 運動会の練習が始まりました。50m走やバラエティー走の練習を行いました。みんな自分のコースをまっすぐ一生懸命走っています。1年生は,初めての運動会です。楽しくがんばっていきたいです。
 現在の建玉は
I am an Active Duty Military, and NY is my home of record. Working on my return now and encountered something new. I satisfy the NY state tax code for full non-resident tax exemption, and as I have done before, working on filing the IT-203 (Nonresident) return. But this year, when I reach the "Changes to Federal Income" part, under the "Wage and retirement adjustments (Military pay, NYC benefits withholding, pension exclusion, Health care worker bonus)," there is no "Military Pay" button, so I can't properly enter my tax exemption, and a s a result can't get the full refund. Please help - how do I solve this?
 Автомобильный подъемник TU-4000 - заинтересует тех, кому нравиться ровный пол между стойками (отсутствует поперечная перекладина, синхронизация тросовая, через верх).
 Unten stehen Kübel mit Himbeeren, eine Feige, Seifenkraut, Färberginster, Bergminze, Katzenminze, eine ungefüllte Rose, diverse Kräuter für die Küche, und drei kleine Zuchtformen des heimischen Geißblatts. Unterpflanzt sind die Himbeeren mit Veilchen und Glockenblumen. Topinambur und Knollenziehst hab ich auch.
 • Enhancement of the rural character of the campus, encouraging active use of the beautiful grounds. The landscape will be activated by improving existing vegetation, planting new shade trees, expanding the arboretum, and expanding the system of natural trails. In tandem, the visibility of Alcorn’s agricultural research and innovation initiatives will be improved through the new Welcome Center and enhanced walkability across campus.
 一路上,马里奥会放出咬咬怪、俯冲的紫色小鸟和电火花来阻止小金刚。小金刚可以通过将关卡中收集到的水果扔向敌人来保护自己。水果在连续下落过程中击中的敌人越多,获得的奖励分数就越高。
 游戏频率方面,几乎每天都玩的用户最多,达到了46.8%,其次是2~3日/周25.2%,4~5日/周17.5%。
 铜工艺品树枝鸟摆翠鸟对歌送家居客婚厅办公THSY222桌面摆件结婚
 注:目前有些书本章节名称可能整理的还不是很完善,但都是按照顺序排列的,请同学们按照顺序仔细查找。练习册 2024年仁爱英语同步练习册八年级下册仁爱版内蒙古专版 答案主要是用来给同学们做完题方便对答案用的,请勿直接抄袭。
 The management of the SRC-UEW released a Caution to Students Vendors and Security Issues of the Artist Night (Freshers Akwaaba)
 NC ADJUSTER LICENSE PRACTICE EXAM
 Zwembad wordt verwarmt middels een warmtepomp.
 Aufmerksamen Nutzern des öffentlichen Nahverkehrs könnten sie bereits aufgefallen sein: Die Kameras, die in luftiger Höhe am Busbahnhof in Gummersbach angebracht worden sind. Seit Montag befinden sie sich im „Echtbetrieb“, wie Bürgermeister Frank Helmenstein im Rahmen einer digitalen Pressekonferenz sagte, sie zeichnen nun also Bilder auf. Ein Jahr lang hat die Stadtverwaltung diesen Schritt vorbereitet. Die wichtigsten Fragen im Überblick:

* **Assignment**: Exactly the lines from the one holding "铜工艺品树枝鸟摆翠鸟对歌送家居客婚厅办公THSY222桌面摆件结婚" to the final line of the listing, both included, must make up the answer.

* **Written answer**:
 铜工艺品树枝鸟摆翠鸟对歌送家居客婚厅办公THSY222桌面摆件结婚
 注:目前有些书本章节名称可能整理的还不是很完善,但都是按照顺序排列的,请同学们按照顺序仔细查找。练习册 2024年仁爱英语同步练习册八年级下册仁爱版内蒙古专版 答案主要是用来给同学们做完题方便对答案用的,请勿直接抄袭。
 The management of the SRC-UEW released a Caution to Students Vendors and Security Issues of the Artist Night (Freshers Akwaaba)
 NC ADJUSTER LICENSE PRACTICE EXAM
 Zwembad wordt verwarmt middels een warmtepomp.
 Aufmerksamen Nutzern des öffentlichen Nahverkehrs könnten sie bereits aufgefallen sein: Die Kameras, die in luftiger Höhe am Busbahnhof in Gummersbach angebracht worden sind. Seit Montag befinden sie sich im „Echtbetrieb“, wie Bürgermeister Frank Helmenstein im Rahmen einer digitalen Pressekonferenz sagte, sie zeichnen nun also Bilder auf. Ein Jahr lang hat die Stadtverwaltung diesen Schritt vorbereitet. Die wichtigsten Fragen im Überblick:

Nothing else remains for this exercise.